**TASK GOAL**. Return the lines of the data below starting at the one holding "minutes for delivery." and ending at the one holding "Weitese Women's Velvet", word for word, leaving every picture out.

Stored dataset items

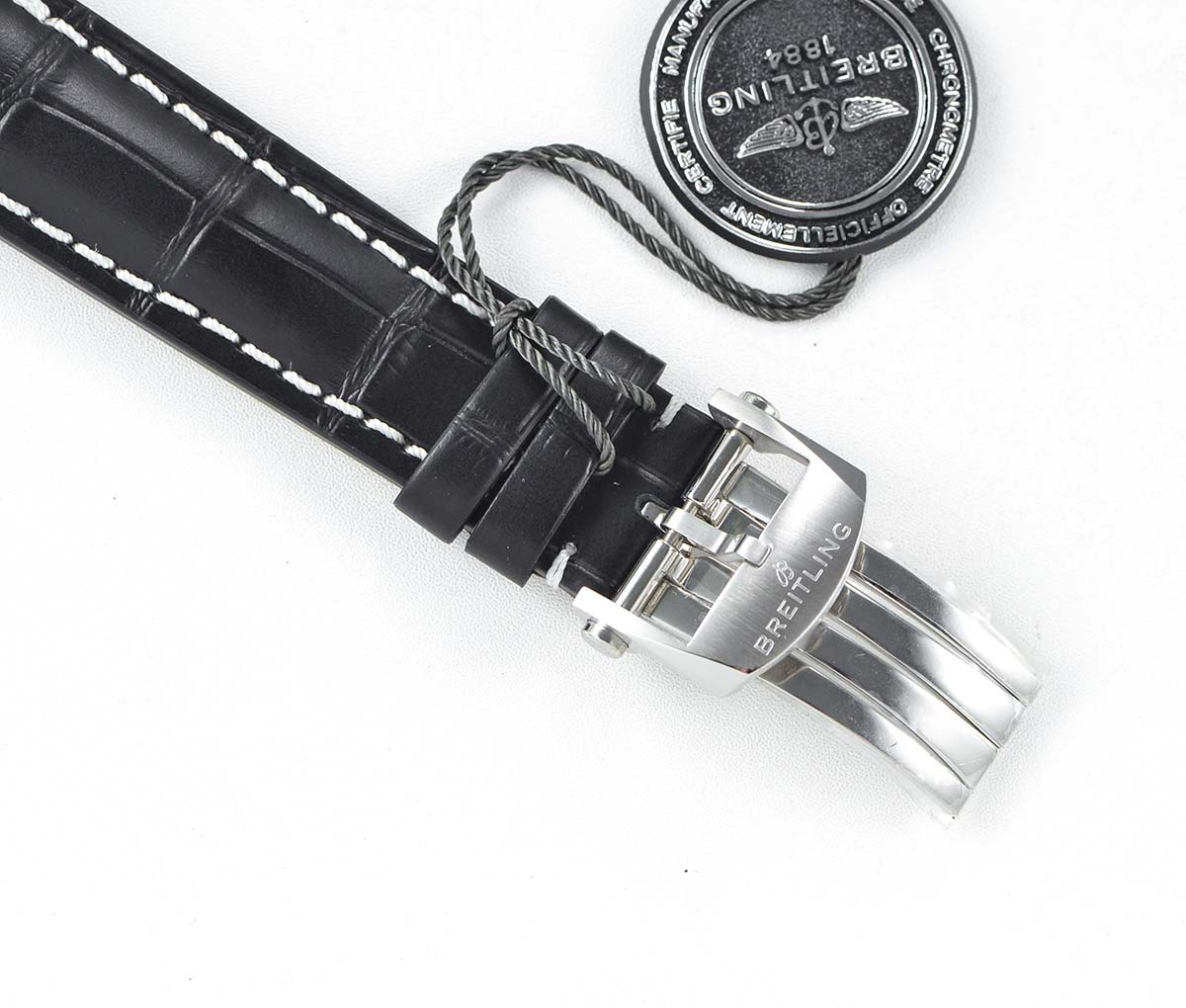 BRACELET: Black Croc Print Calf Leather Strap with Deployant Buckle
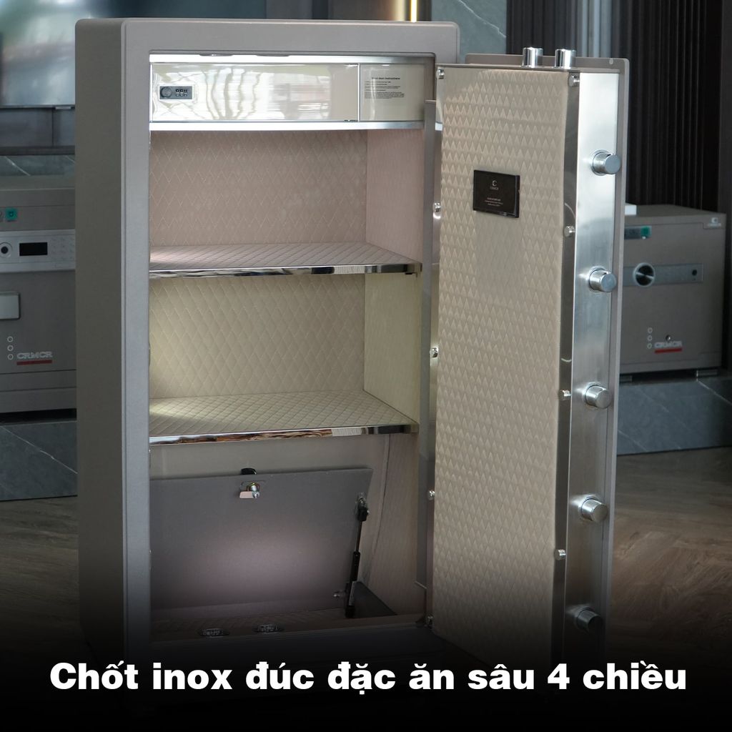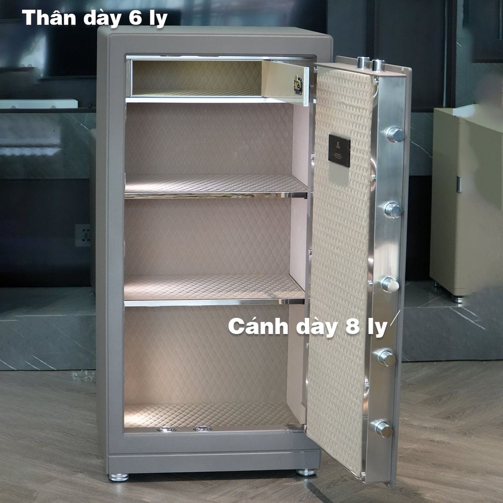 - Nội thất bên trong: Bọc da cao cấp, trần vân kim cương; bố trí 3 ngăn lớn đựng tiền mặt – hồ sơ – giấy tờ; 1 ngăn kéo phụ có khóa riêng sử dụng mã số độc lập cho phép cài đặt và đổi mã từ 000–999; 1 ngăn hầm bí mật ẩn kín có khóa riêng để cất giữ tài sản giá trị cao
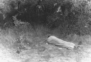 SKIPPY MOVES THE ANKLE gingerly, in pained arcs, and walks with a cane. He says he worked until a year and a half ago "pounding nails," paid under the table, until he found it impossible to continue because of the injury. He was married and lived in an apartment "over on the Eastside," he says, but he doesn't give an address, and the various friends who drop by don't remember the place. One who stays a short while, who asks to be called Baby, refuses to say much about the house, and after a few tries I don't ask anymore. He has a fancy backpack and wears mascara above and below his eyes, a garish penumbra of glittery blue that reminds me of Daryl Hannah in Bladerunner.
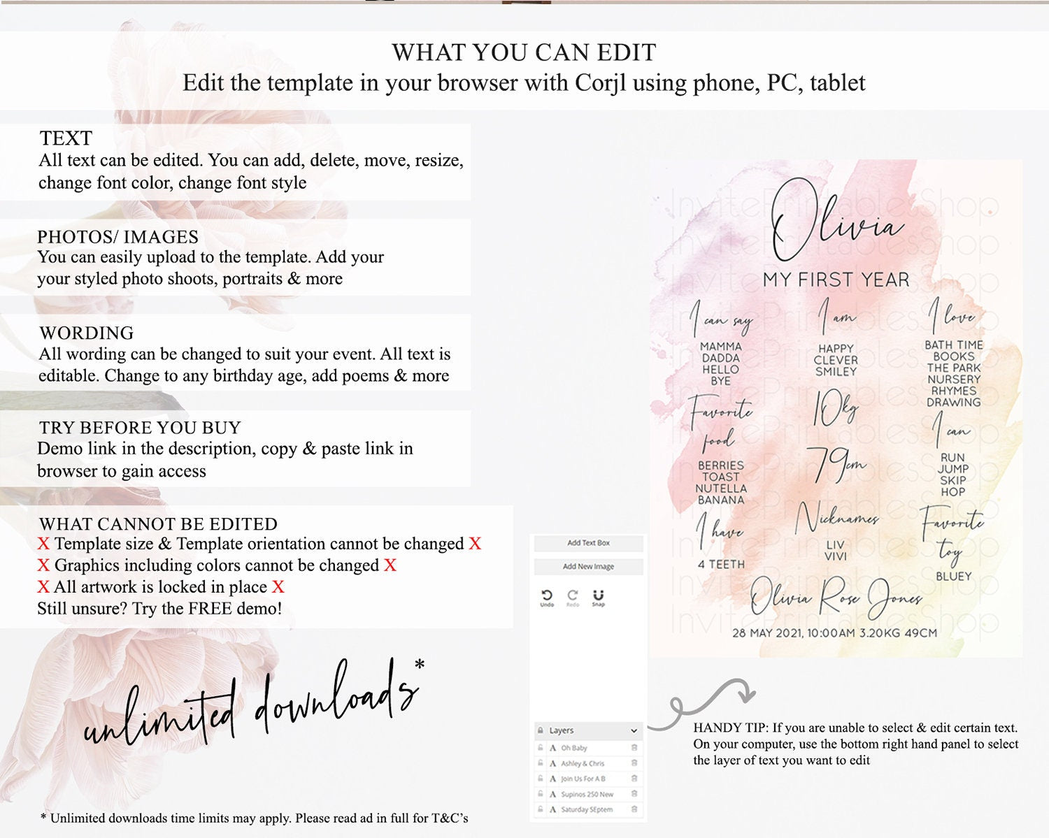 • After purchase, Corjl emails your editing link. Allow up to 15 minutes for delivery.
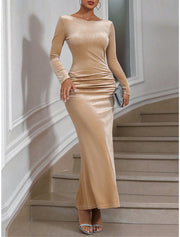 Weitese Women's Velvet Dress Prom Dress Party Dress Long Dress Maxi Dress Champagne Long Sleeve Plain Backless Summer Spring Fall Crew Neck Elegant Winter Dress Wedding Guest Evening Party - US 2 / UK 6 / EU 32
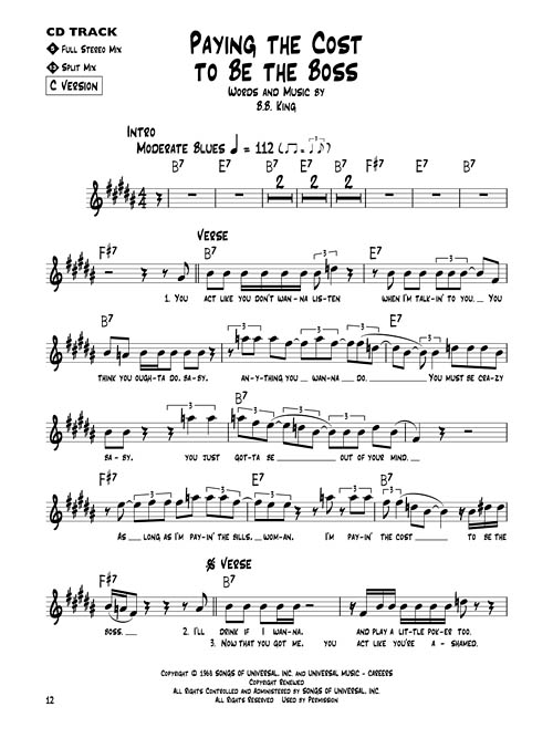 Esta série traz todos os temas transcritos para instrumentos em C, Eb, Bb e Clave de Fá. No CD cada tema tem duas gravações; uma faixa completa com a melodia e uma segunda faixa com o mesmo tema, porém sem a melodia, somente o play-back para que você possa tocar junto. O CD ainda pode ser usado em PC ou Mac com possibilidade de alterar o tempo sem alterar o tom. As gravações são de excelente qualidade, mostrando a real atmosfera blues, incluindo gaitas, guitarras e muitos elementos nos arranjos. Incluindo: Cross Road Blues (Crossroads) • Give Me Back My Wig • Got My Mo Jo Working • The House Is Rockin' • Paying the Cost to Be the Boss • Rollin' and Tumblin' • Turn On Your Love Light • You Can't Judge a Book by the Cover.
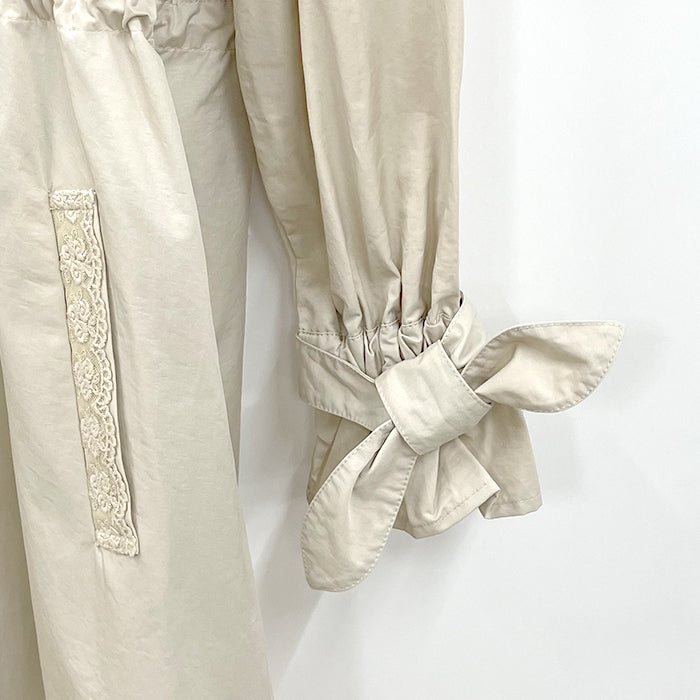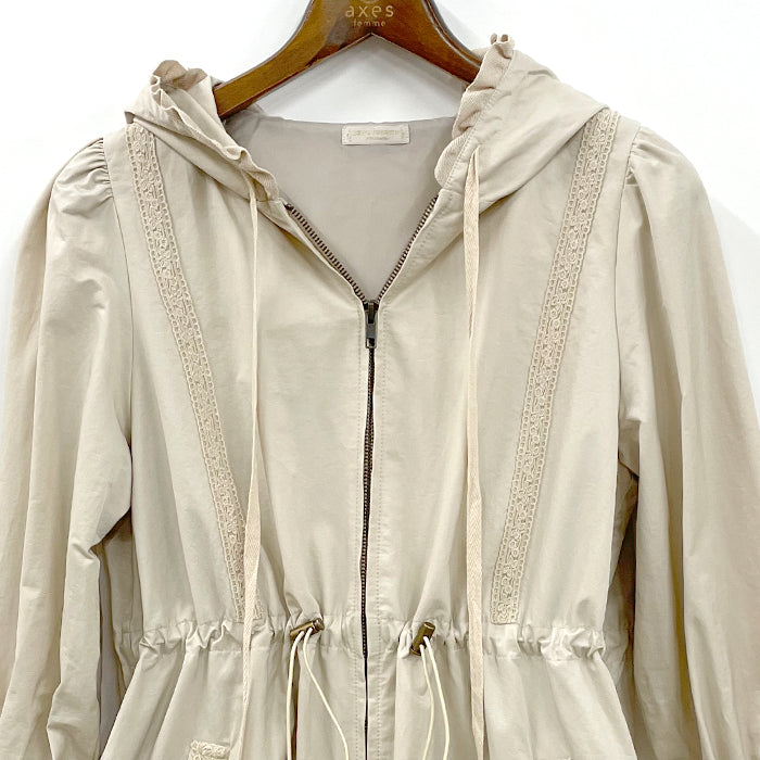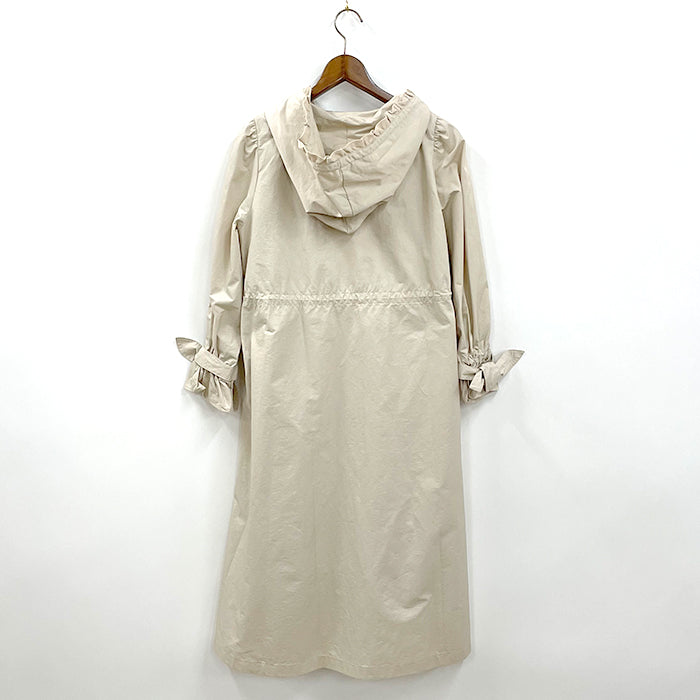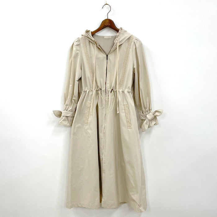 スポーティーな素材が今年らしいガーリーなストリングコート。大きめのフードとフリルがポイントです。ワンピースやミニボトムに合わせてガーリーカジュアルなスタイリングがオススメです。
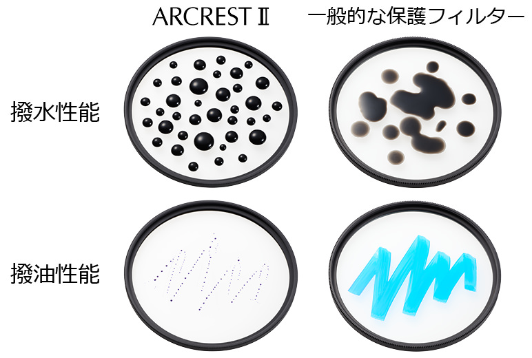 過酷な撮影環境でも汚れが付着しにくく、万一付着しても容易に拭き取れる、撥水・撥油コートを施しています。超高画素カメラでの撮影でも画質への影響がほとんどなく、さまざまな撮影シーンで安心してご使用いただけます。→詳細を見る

**EXPECTED ANSWER**.
 • After purchase, Corjl emails your editing link. Allow up to 15 minutes for delivery.
 Weitese Women's Velvet Dress Prom Dress Party Dress Long Dress Maxi Dress Champagne Long Sleeve Plain Backless Summer Spring Fall Crew Neck Elegant Winter Dress Wedding Guest Evening Party - US 2 / UK 6 / EU 32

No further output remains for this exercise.